In the writer’s mind she was predestined to do/become those things, and she is named hero by archetype. But in reality, heroes are created; heroism is chosen; it’s contingent.

Aside:
Sometimes destiny in a story refers to a fantasy people have about their finding their ‘true’ self. I think that this is what is going on in Moana. I can also imagine destiny being used as a metaphor for in-reality external pressures, guiding particular people to be ‘edge’. Busybody parents pressure their children into ‘greatness’, ‘success’. They impose their values, even from birth. All those pressures are immoral. So if destiny plays a role like that in a story, a good character would overcome it – and e.g. choose his values for himself. For instance, destiny could be personalised/embodied; the character could have a fight with destiny; and he could win.

What’s the purpose of the math formalism in the videos?

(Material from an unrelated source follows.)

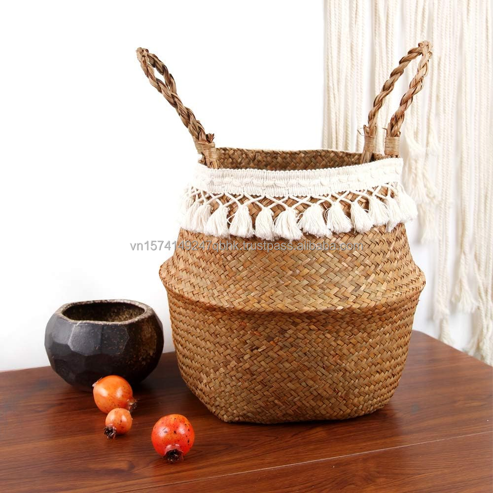 Minimalist Handmade Seagrass Belly Basket Boho Foldable Storage With Handles For Bathroom Organizer Sustainable Wicker Design

I think the typical point of a math formalism for a non-math thing is to enable you to gain insight by doing mathematical calculations.

When I introduce the formalism in Episode 6, I first give some justification:

This far into the series, it’s useful for me to be a bit more formal, a bit more explicit, and abstract. This will help us to understand metaphorical explanation more deeply. Sometimes things get complicated: your intuition fails; your dealing with an ed-- an edge case; or something; and you need to go back to fundamentals. I seek to provide those fundamentals in this video.

Timestamped link: https://www.youtube.com/watch?v=4HZgBjdxa2s&t=48s&ab_channel=adamDoesStories.

Did you miss that? Skip past it? Or do you disagree (that I’m doing what I set out to)?

What is a mathematical calculation? Is there a fixed set of things which you have in mind, like doing arithmetic or algebra? Or is there a principle which binds them and accepts new things?

Commentary:
It’s not necessarily useful to think of the formalism as maths. I am just borrowing some terms/concepts. I am using the formalism to make the principles behind what I’m saying more precise.

One of the benefits of this is that I support building intuition from explicit fundamentals. In episodes 7, 8 and 9, I go through exercises where I apply the formula to specific examples. I want people to apply the formula themselves, to their own examples, many times. After a while, I want them (in the majority of cases) to fail to need the formalism (to gauge the metaphorical-literal map), for the work they’ve done in automating the underlying procedure. I want to them to have a sound basis for mastery.

Aside:
Regardless of whether the formalism is correct or ultimately useful, it is alienating. Most people will bail on the series come Episode 6. They will think that I’m trying to be a smarty-pants and that I’m not interested in solving real problems.

This is a problem. Though I’ve yet to take it seriously, I am interested in mass traffic. So, for instance, I should have a way of explaining things that makes sense to the average Joe. I should have separate streams of dependency relationships in my content which are custom to a different kind of consumer. I should have … playlists.

I have a couple of weeks basically completely free in September. My plans for this period currently look like:

  1. Finish Notes on Elliot’s Grammar Article.
  2. Refactor the stories project.
  3. Plan the future of the stories project.
  4. Read some books.

(2.) means: explain things differently; separate things by playlist; and also related to (3.) I should be setting foundations for some path on which the project scales.

Here are some playlist ideas:

• core theory (for everyone)
• analysing real-world examples
• me making stories out of representations with commentary about how this is happening
• research (not everyone will like this; this would house the formalism)
• Q&As

Why are you trying to do a project (the one about stories) focused on teaching instead of learning?

I think that the ideas are domain-specific enough. I don’t think that knowing them well – well enough to have something legitimate to say/to be a non-fraud – requires being a philosophy expert, or otherwise finishing some long learning project which reaches far from where I am now. Do you disagree?

That said, I’d want to have seen a good deal more critique/collaboration before doing anything like taking someone’s money and telling them what I think.